What is needed —
Quote exactly the lines spanning from the top of the data below to the line that contains "Insegna originale da", including both.

━━ Material for the task ━━

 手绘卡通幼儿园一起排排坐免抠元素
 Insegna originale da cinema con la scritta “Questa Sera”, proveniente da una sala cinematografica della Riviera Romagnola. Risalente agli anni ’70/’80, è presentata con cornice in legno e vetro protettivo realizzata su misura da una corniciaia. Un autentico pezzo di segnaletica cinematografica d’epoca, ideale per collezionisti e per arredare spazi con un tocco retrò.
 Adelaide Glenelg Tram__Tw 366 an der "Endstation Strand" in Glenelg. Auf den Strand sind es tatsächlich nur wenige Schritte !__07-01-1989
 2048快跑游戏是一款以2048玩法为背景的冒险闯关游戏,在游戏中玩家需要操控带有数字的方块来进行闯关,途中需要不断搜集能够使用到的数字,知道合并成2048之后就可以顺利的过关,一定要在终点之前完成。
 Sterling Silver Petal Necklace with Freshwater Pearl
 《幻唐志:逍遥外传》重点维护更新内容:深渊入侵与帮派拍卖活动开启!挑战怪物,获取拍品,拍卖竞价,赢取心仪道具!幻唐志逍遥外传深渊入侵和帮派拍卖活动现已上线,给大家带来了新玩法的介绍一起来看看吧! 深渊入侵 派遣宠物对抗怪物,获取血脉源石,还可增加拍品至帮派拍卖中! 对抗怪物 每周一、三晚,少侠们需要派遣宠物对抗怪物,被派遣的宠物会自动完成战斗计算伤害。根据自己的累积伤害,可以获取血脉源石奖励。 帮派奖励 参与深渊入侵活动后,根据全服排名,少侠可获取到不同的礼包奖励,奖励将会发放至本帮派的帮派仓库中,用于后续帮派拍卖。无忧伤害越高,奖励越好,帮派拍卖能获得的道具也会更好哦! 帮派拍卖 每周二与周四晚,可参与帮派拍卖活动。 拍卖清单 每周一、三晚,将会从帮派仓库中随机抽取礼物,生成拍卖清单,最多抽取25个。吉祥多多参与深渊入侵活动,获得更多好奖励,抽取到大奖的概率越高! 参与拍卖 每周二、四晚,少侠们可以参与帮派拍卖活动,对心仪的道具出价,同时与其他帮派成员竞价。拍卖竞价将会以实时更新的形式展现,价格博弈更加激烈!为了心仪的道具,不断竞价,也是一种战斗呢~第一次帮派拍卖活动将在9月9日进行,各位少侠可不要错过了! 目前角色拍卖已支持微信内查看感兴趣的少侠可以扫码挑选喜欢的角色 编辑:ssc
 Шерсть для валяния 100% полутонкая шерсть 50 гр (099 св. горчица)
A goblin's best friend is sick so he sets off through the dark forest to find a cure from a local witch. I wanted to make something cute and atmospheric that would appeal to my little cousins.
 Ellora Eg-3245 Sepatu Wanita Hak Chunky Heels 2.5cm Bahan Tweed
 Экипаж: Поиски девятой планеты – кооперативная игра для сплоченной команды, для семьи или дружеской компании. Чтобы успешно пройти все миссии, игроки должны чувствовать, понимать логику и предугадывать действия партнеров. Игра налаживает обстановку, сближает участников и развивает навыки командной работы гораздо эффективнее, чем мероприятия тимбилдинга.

━━━

Completed task —
 手绘卡通幼儿园一起排排坐免抠元素
 Insegna originale da cinema con la scritta “Questa Sera”, proveniente da una sala cinematografica della Riviera Romagnola. Risalente agli anni ’70/’80, è presentata con cornice in legno e vetro protettivo realizzata su misura da una corniciaia. Un autentico pezzo di segnaletica cinematografica d’epoca, ideale per collezionisti e per arredare spazi con un tocco retrò.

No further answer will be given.